Mrs. Bunch gives her a tentative smile. “Well. If you ever need an extension on an assignment or some extra credit, I’m here. And you can always ask me for a pass to the guidance counselor’s office too. Whatever I can do to help.” 

“Thanks,” Zoe murmurs. 

She walks into the band room cautiously. Kids are getting ready for class. There’s fluttering sheet music, kids overzealously sucking on reeds for their instruments. Zoe smiles a bit. She's missed the flurry of the moments before practice began. 

She heads to the storage locker where she kept her guitar during the week. Zoe realizes she’s lucky she remembers the combination; she’d be stuck asking for help otherwise. She uses the numbers for passwords all the time now. 

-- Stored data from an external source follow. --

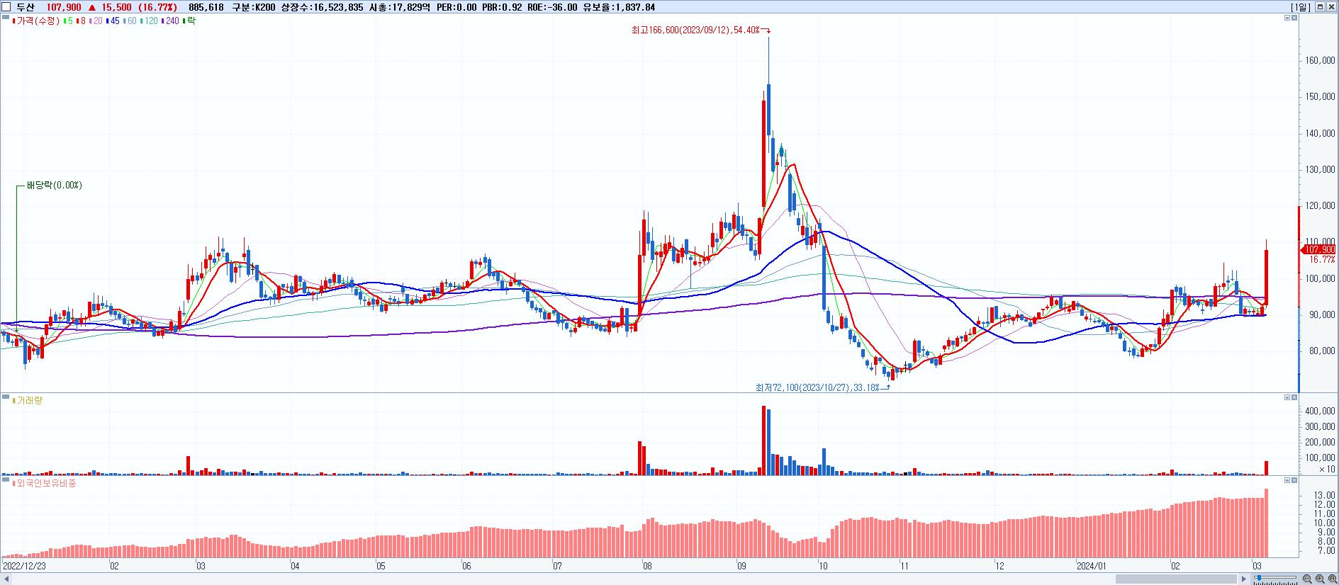 - 두산 (107,900원 ▲ 16.77% , 시총: 17,829억, 외국인 순매수 거래금:174억)
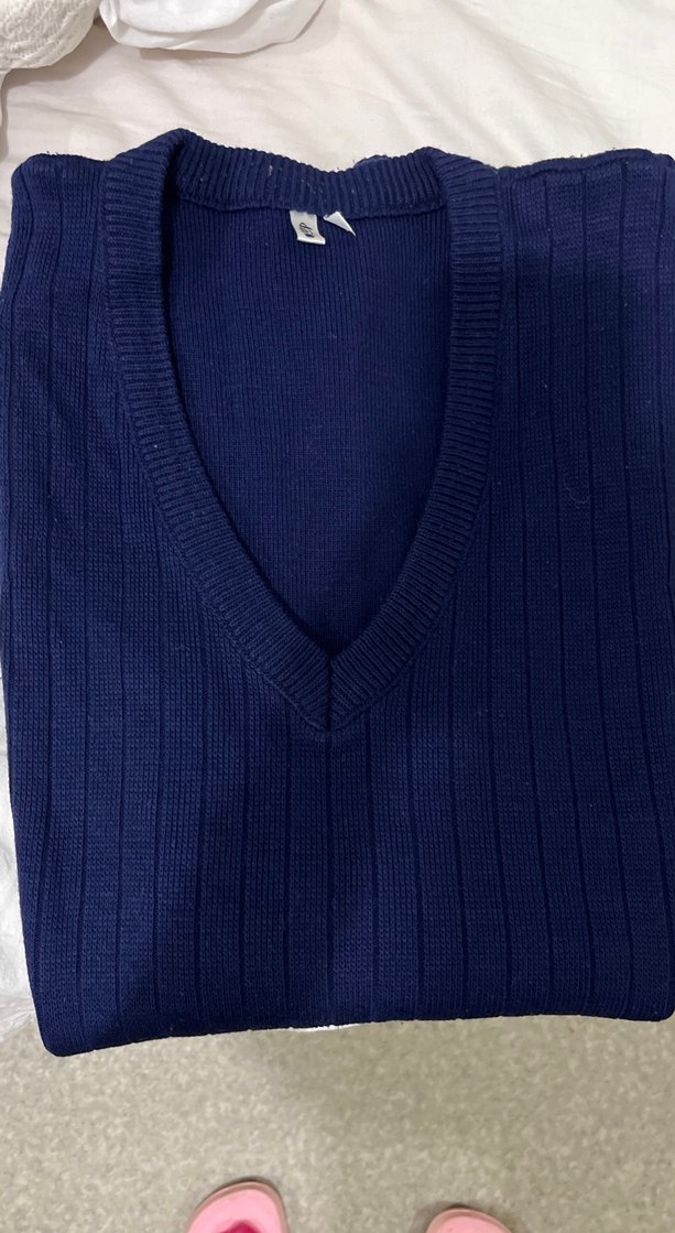 Mavi V Yaka Örgü Oversize Kadın Süveter
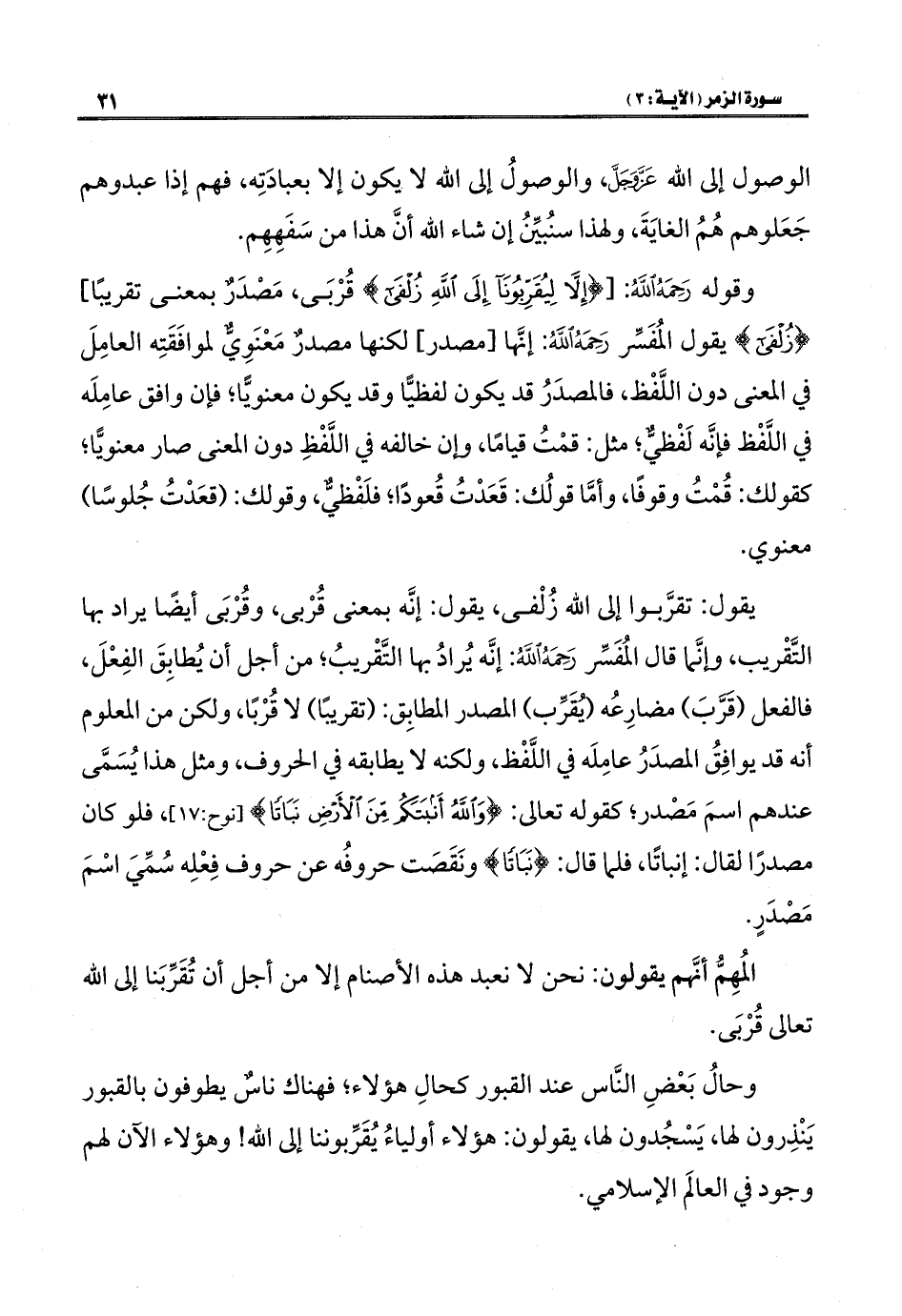 وقوله رَحِمَهُ اللهُ: [{إِلَّا لِيُقَرِّبُونَا إِلَى اللَّهِ زُلْفَى} قُرْبَى، مَصْدَرٌ بمعنى تقريبًا] {زُلْفَى} يقول المُفَسِّر رَحِمَهُ اللهُ: إنَّها [مصدر] لكنها مصدرٌ مَعْنَوِيٌّ لموافَقَتِه العامِلَ في المعنى دون اللَّفْظ، فالمصدَرُ قد يكون لفظيًّا وقد يكون معنويًّا؛ فإن وافق عامِلَه في اللَّفْظ فإنَّه لَفْظيٌّ؛ مثل: قمْتُ قيامًا، وإن خالفه في اللَّفْظِ دون المعنى صار معنويًّا؛ كقولك: قُمْتُ وقوفًا، وأمَّا قولُك: قَعَدْتُ قُعودًا؛ فلَفْظيٌّ، وقولك: (قعَدْتُ جُلوسًا) معنوي.

Her guitar in hand, Zoe heads into the classroom. Plugs the electric guitar into the amplifier, turning the volume down low. She strums experimentally. 

It’s been so long. Her fingers feel unsure pressing against the frets. Can she even still play? She gave it up entirely after she quit jazz band. It’s been almost fifteen years. 

Mercifully her younger fingers still know their way across the strings. She warms up a little, glancing over the sheet music, trying to remember. 

She knows she struggled with this song the chord progression was more complicated than she was accustomed to, but the band teacher seemed sure she could handle it. 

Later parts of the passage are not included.